It had been done by foreign intelligence services.
I don't know who played.
JAY.
It was done by Mrs. Newland and the CIA and MI6.
PANITCH.
Of course.
Who of them played the...
JAY.
Two.
To overthrow the legitimately elected president of Ukraine who wanted it to be neutral like
Austria.
PANITCH.
Exactly.
And more than that.
Can you imagine how they played?
They even brought the clowns, Minister of Foreign Affairs of Poland, of
Germany and French to Yanukovych. When Yanukovych wanted to stop the Maidan by force, by police
force, he was stopped because the three Minister of Foreign Affairs came to him and gave him
a written guarantee that if he would announce an election,
so they guarantee that Maidan would stop, and let's wait until the next election.
One day after they gave this guarantee, Maidan shootings started from these people at Maidan.
So that was definitely coup d'etat against our legally elected
President Yanukovych.
And by the way, if President Zelensky are telling us now
that he's a president of even because of military situation
in Ukraine, he could not be revolted.
That's why even one year after his elected time finished.
He's still legitimate.
But let me give you another example.
President Yanukovych is the last president of Ukraine
who was elected by all parts of Ukraine
according to the Constitution of Ukraine.
Crimea, Donetsk, Lugansk voted for President Yanukovych.
Not for Poroshenko, not for Zelensky.
This religion didn't vote because they became to be Russian.
But according to Ukrainian Constitution, if we're talking about the legal side, there
is a Yanukovych who was the last president of Ukraine, never reelected.
So when President Zelensky trying to be a good lawyer and tell us about the legitimacy, you know, we always
can tell him that, listen, okay, let's look at Yanukovych then.

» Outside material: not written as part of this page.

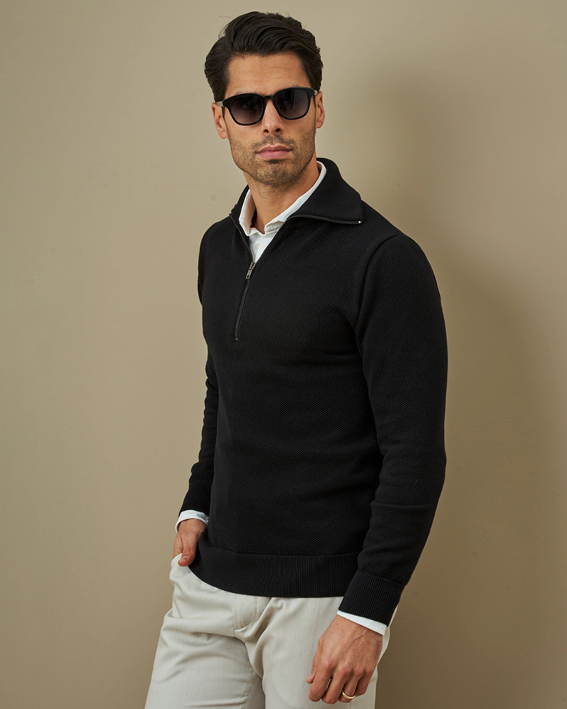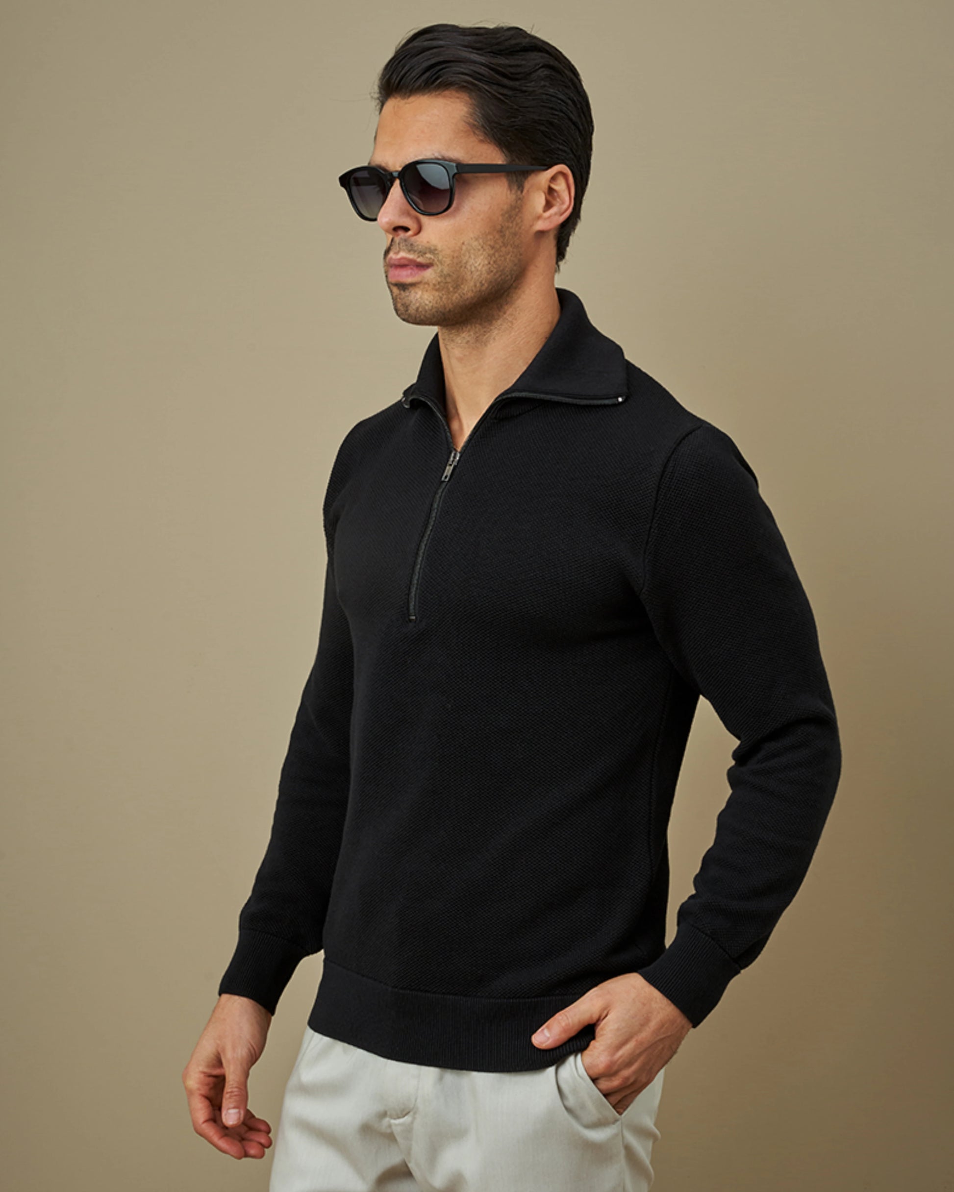 Camisola de tricot com gola e fecho, confortável e prática para o dia a dia. Um essencial versátil que combina estilo moderno com um toque descontraído.

And let's call Yanukovych,
who is now a veteran here, retired somewhere nearby Moscow, and Yanukovych the only legitimate
leader of the Ukraine.
What will it take for the Ukraine war to be ended?
How long?
No, what will have to happen?
First, the meeting between two great leaders, Putin and Trump.
Without this meeting, nothing would happen in this world war.
First they have to meet and to talk not about Ukraine and about new world order, because
the world war that liberals built
up, all these neocons, you know, it's collapsed, it's crashed.
It's nothing just disaster.
So we have to build another world order.
Of course, you know, calling for China and India, join us.
I don't know who this would be from Europe.
I'm not sure that Trump and Putin is ready to see Surah Fond du Reyn as a world leader.
So it means that it has to be country leaders, who these country leaders, would they invite
British or French or German?
I don't know.
But nevertheless, these two have to meet.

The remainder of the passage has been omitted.